Transmitir deliberadamente HIV/SIDA passa a ser crime
Moçambique modernizou seu código penal, distanciando-se,
doravante, de alguns dogmas jurídicos vigentes desde 16 de Setembro de 1886. Os
tribunais passarão abordar Ilícitos eleitorais, crimes contra ambiente, crimes
informáticos, dentre outros, observando uma doutrina reflectida na nossa
realidade actual.
A Assembleia da República aprovou este instrumento
jurídico a 11 de Julho de 2014, movida pela necessidade de reformar o Código
Penal de 1886, com vista a garantir o gozo de direitos e liberdades ao cidadão
e a sua conformação com as hodiernas concepções da dogmática penal.
No dia 18 de Dezembro de 2014, o então Presidente da
República, Armando Guebuza, procedeu à
promulgação da Lei n.º 35/2014 (Código
Penal), seguindo-se um período de vacatio legis de 180 dias
até sua implementação efectiva.
Desde modo, só na semana finda o país passou a contar com
novo Código Penal, em substituição de outro que vigorava no país há mais de um
século. O novo código acomoda alterações constitucionais de 1990 e de 2004 e
elimina a obsolescência e o desajustamento da legislação colonial.
Não sendo perfeito, segundo algumas organizações da
sociedade civil, consagra molduras penais mais consentâneas aos chamados crimes
hediondos, aos raptos, a crimes ambientais, contra a propriedade, informáticos,
dentre outros.
Uma novidade importante do novo instrumento associa-se à
despenalização do aborto durante as primeiras semanas de gravidez, sem dúvida
uma grande vitória dos movimentos feministas que viram igualmente a violência
doméstica a ser tipificada como crime com moldura penal bem expressiva.
Deste modo, devem imediatamente ser restituídos à
liberdade todos os detidos preventivos e condenados por factos que para efeitos
da presente lei deixaram de constituir crime.
Conceito de penas alternativas
Avulta como uma das principais inovações da nova lei,
destacando-se aqui a prestação compulsiva de trabalho socialmente útil por
parte dos condenados.
A medida ou pena de prestação de trabalho socialmente
útil é fixada entre um mínimo de trinta e cinco e um máximo de mil e cento e
vinte períodos de trabalho. Cada período de trabalho tem o limite de quatro
horas de duração.
Só poderão beneficiar desta pena delinquente primária.

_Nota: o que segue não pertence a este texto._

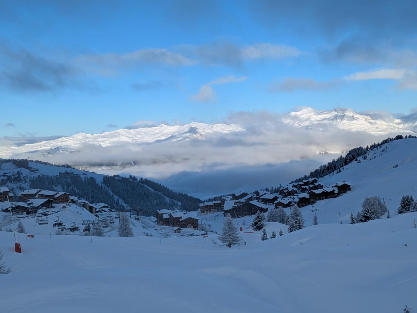 Вот, кстати, утреннее фото убогой архитектуры бетонных коробок 1970-х: Plagne villages и Soleil
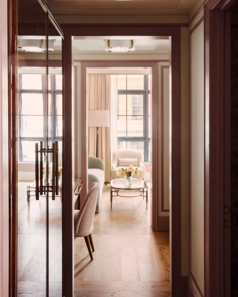 Each hotel in the Barrière portfolio is unique, and Fouquet’s NYC is not afraid to show its feminine side. There’s no doubt that you’re in a French-inspired luxury hotel in Tribeca when you arrive at Fouquet’s. The hotel rooms and common areas are decorated in a palette of pink, lavender and soft green pastels. And Fouquet’s is not afraid to break out the marble, gold mirrors, and velvet, either.
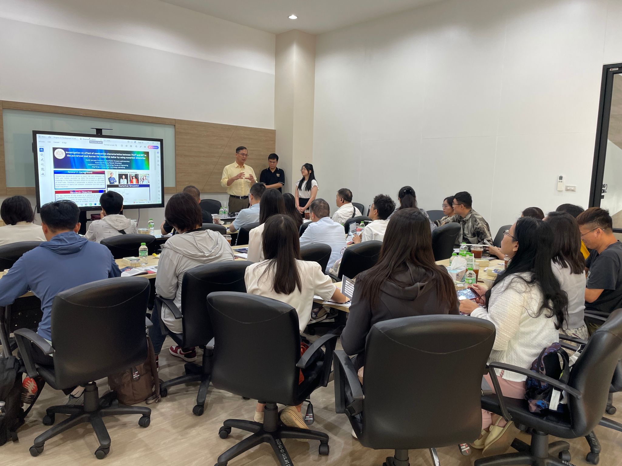 泰国先皇理工大学(简称KMITL)成立于1960年,是一所以工科见长,学术实力强劲,校园环境优美,且拥有广泛国际交流合作的泰国顶尖公立大学。在这里,学校代表团不仅参观了该校的教学设施、科研项目以及校园文化,深入了解了泰国先皇理工大学的教学理念和方法,还参观了学校的实验室和工作室,聆听了Jarruwat Charoeneuk教授生物燃烧器这一创新技术研究成果的分享,并就设备是否与企业合作并投入使用等问题与教授进行了深入交流,为beat365官网教师在科技创新道路上提供了新的灵感与思路。
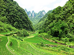 Já havíamos percorrido várias cidades chinesas, mas ainda não havíamos encontrado resquícios da “China antiga”, ou seja, pessoas cultivando as antigas tradições chinesas. O pouco que vimos até aquela altura foram construções, as quais nos pareciam demasiadamente artificiais, construídas recentemente e totalmente desconectadas da modernidade que as cercavam. Depois de muita insistência e estrada, chegamos à cidadela de Dehang, onde habita uma minoria étnica chamada “Miao”. Dehang é um pequeno vilarejo, pacato e cercado de montanhas verdes. Detalhe, simplesmente ninguém falava inglês. Com mímica e jogo de cintura, conseguimos chegar lá e nos hospedar. O lugar era tão especial que decidimos ficar mais dias do que o planejado. Foram horas apreciando o povo local levando sua rotina. O vilarejo era tão pequeno que eles conversavam entre si de suas casas. Fizemos algumas caminhadas inesquecíveis entre terraços de plantação de arroz, nadamos nos rios cristalinos e mergulhamos em lindas cachoeiras.

Na nossa próxima edição, reproduziremos, em pormenor, as
inquietações em torno deste novo instrumento jurídico, que gravitam, sobretudo
em volta de crimes de violação de menores de 16 anos, deixando de fora outras
(maiores de 16 anos e menores de 18 anos).
Refira-se que a Convenção Internacional dos Direitos das
Crianças e a Carta Africana sobre os Direitos e Bem-estar das Crianças, ambas
ratificadas por Moçambique, bem como a legislação nacional, definem como
crianças todas as pessoas menores de 18 anos.
O Artigo 219, Violação de menor de doze anos (ler quadros
ao lado), destaca-se como o mais contestado justamente por considerar crianças
apenas os menores de 12 anos, em violação às disposições da Constituição da
República e das Convenções acima referidas.
De acordo com organizações da sociedade civil, o crime de
violação de menor deveria reflectir a definição de criança patente na lei
moçambicana, passando a ser “violação de menor de 18 anos”.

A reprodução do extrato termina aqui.